What happens to your clothes after you donate them?

By Anna Johnson | June 14, 2023
An aerial view of a market in Accra, Ghana
Markets, like this one in Accra, Ghana, are saturated with fast fashion items.

Anna Johnson - Where do you go when you want to get a new trendy shirt? It's probably a fast fashion outlet, offering up-to-date styles at bargain prices. These items are often very low quality and are only meant to be worn a handful of times. There is a vast network in place that enables you to make that purchase. But your closet isn’t the end of the line.

Even when you’re done with the shirt, you are still participating in that global network. You act as an individual node, unknowingly connected to the rest of the network, but still engaging with the network’s cycle. Many people choose to donate unwanted clothing so it can be resold or recycled, but few of these donated items are resold to thrifty shoppers. The vast majority are sold in large bales to overseas vendors at deep discounts. These vendors will sell what they can, but everything that can’t be sold or salvaged is dumped into landfills and rivers far away from the store where you bought the shirt, polluting already fragile ecosystems. Vendors say the fast fashion items that have gained popularity in recent years are saturating the market and making their jobs much harder. They’re receiving a higher volume of low-quality goods they can’t sell. Every item they can’t sell ends up as pollution in their community. Western countries are effectively exporting garment pollution to avoid dealing with it themselves. Despite the pollution it creates the recipient countries must continue to participate in this network to survive economically. The textile resale and recycling market in Ghana employs around 30,000 people. They’re the largest import market for used clothes, bringing in 15 million garments a week. Six million of those garments end up in the trash or, more likely, in the surrounding water systems where they kill wildlife, limit access to clean water, and contribute to global ocean pollution.

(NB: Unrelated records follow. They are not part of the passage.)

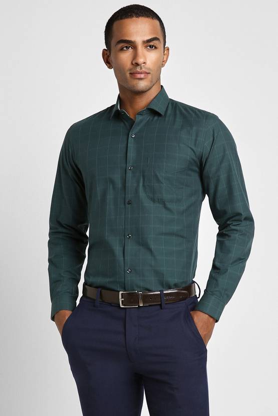 PETER ENGLAND Men Checkered Formal Green Shirt
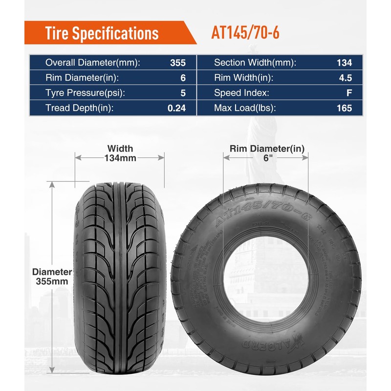 HALBERD 145/70-6 Go Kart Street Mini Bike ATV Tires, 4 PR 145 70-6 Off-road Tires, Tubeless, Pack of 2, P349
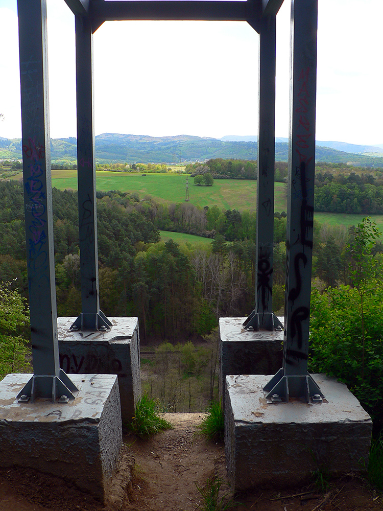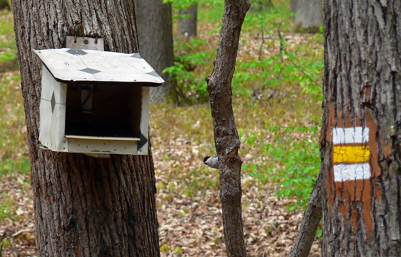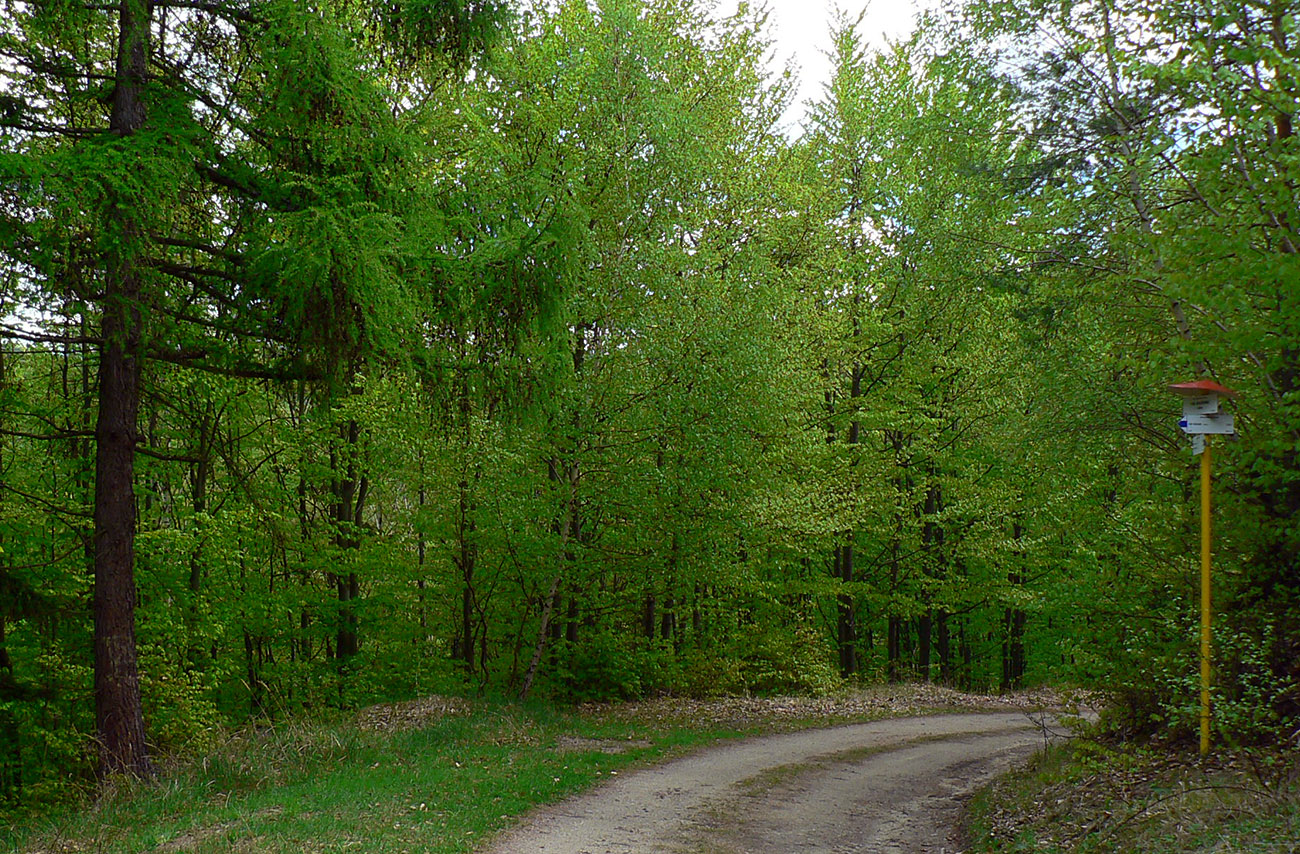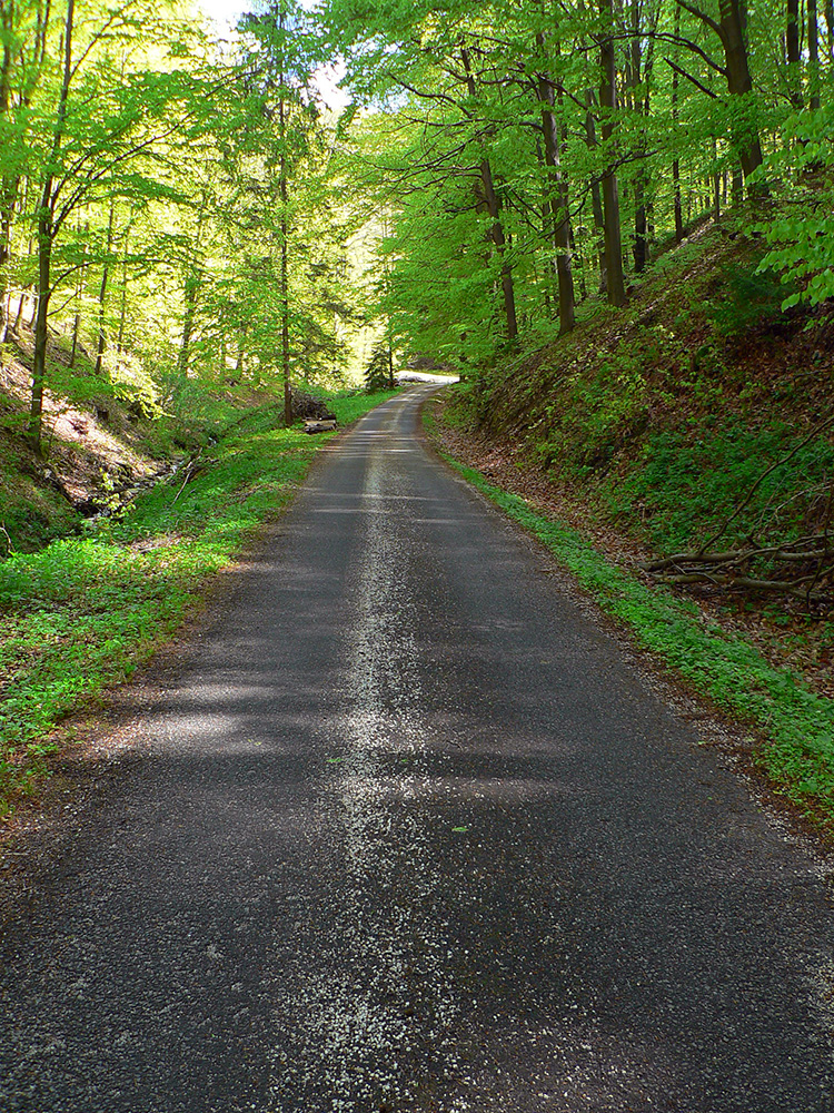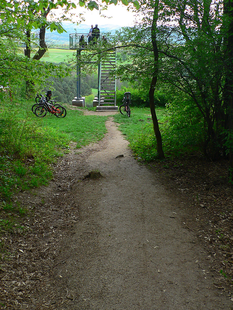 To už sme „Pod škôlkou“ a nasleduje ten doklus po tvrdej ceste. Okraje má našťastie mäkké, hlinené, tak fajn, a nad hlavou furt les. Ku koncu ju sprevádza singlík, škoda nevyužiť. To už sa začínajú objavovať „prvky civilizáce“ ako vtáčie kŕmidlá a kadejaké tabule, tak ešte krátka odbočka ku vyhliadkovej veži a o chvíľu už tá kofola syčí :-)

These networks are operating on several different levels of scale. Individuals contribute to them by creating demand for fast fashion items. This demand creates the networks of the global distribution systems. The environmental pollution from these garment salvage markets is a problem on every scale, limiting individuals' access to clean water and creating a massive pollution problem for local and national governments and international organizations. The individuals in these communities are taking action to make garment manufacturers take responsibility for clothing pollution. In May, a group from Ghana visited the European Commission and European Environment Bureau. By elevating the issue to the international level, the Ghanaian clothing vendors have an opportunity to shift the scale of the issue from an individual to an international level.